*DATA BLOCK*.
# # # # #

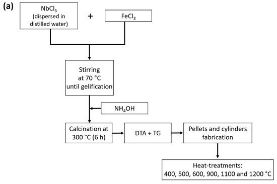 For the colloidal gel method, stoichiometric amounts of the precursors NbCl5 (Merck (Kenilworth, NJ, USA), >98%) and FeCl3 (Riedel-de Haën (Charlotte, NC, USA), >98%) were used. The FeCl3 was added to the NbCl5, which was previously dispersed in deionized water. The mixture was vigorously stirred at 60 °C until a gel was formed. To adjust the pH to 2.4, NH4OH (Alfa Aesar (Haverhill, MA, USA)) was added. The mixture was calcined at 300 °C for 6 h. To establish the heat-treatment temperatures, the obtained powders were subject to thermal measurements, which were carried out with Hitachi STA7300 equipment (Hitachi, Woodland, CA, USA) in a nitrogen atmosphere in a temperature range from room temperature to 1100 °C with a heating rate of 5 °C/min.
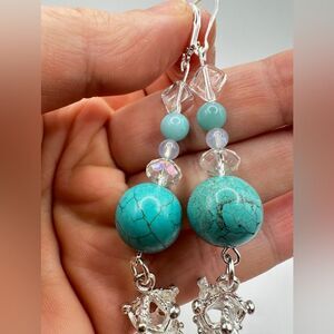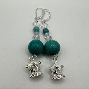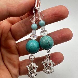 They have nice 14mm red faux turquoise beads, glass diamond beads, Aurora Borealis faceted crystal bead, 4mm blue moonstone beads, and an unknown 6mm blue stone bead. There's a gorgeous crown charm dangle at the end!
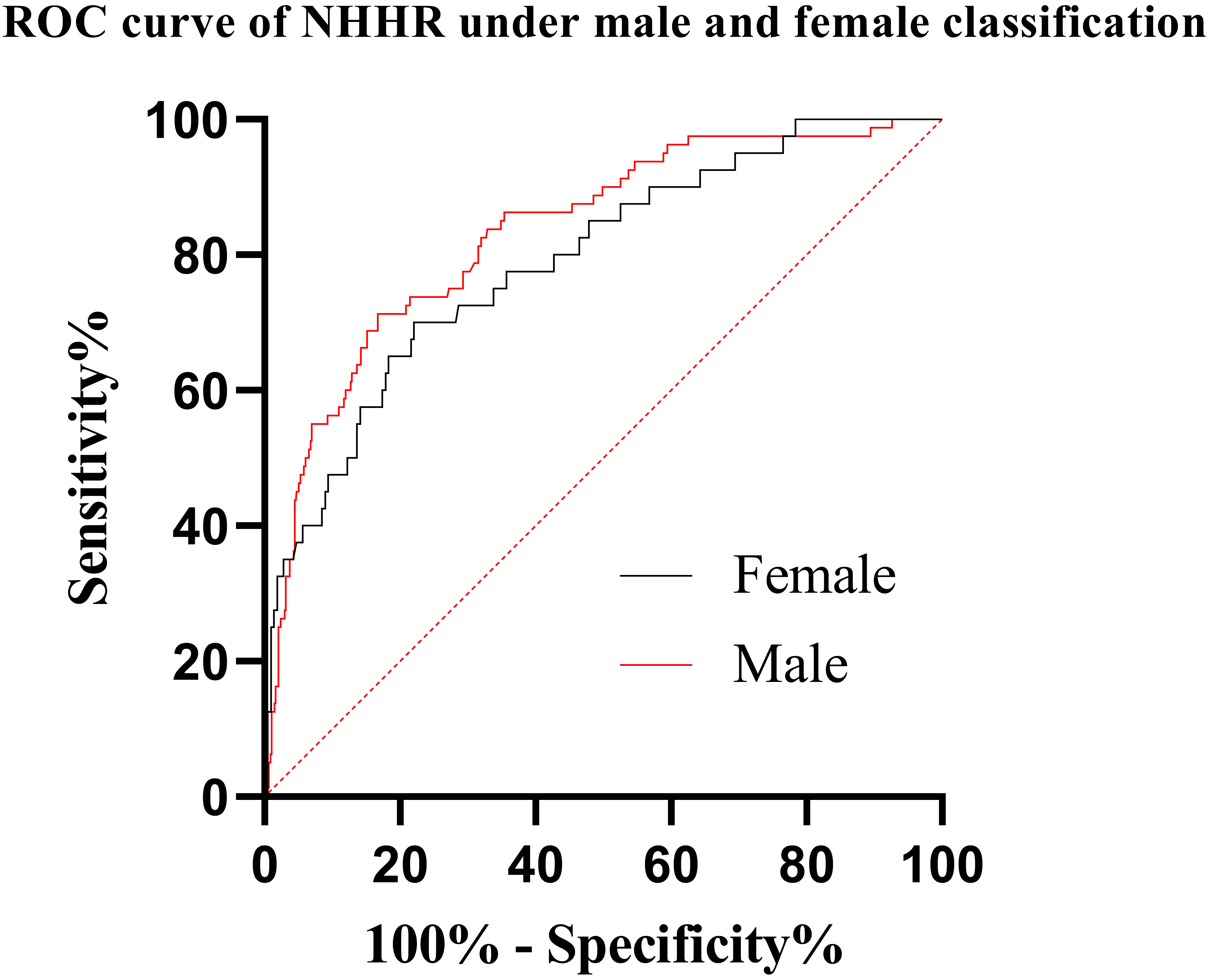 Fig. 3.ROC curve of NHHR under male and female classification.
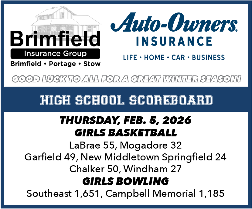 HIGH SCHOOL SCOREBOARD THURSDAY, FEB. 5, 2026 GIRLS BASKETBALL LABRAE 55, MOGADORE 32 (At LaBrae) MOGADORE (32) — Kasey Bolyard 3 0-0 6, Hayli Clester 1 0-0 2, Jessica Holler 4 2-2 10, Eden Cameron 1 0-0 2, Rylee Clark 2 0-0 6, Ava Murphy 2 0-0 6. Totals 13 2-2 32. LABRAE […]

# # # # #

*WHAT THE TASK ASKS*.
With the images removed, write out all of the material above exactly.

*ANSWER FOR THE TASK*.
 For the colloidal gel method, stoichiometric amounts of the precursors NbCl5 (Merck (Kenilworth, NJ, USA), >98%) and FeCl3 (Riedel-de Haën (Charlotte, NC, USA), >98%) were used. The FeCl3 was added to the NbCl5, which was previously dispersed in deionized water. The mixture was vigorously stirred at 60 °C until a gel was formed. To adjust the pH to 2.4, NH4OH (Alfa Aesar (Haverhill, MA, USA)) was added. The mixture was calcined at 300 °C for 6 h. To establish the heat-treatment temperatures, the obtained powders were subject to thermal measurements, which were carried out with Hitachi STA7300 equipment (Hitachi, Woodland, CA, USA) in a nitrogen atmosphere in a temperature range from room temperature to 1100 °C with a heating rate of 5 °C/min.
 They have nice 14mm red faux turquoise beads, glass diamond beads, Aurora Borealis faceted crystal bead, 4mm blue moonstone beads, and an unknown 6mm blue stone bead. There's a gorgeous crown charm dangle at the end!
 Fig. 3.ROC curve of NHHR under male and female classification.
 HIGH SCHOOL SCOREBOARD THURSDAY, FEB. 5, 2026 GIRLS BASKETBALL LABRAE 55, MOGADORE 32 (At LaBrae) MOGADORE (32) — Kasey Bolyard 3 0-0 6, Hayli Clester 1 0-0 2, Jessica Holler 4 2-2 10, Eden Cameron 1 0-0 2, Rylee Clark 2 0-0 6, Ava Murphy 2 0-0 6. Totals 13 2-2 32. LABRAE […]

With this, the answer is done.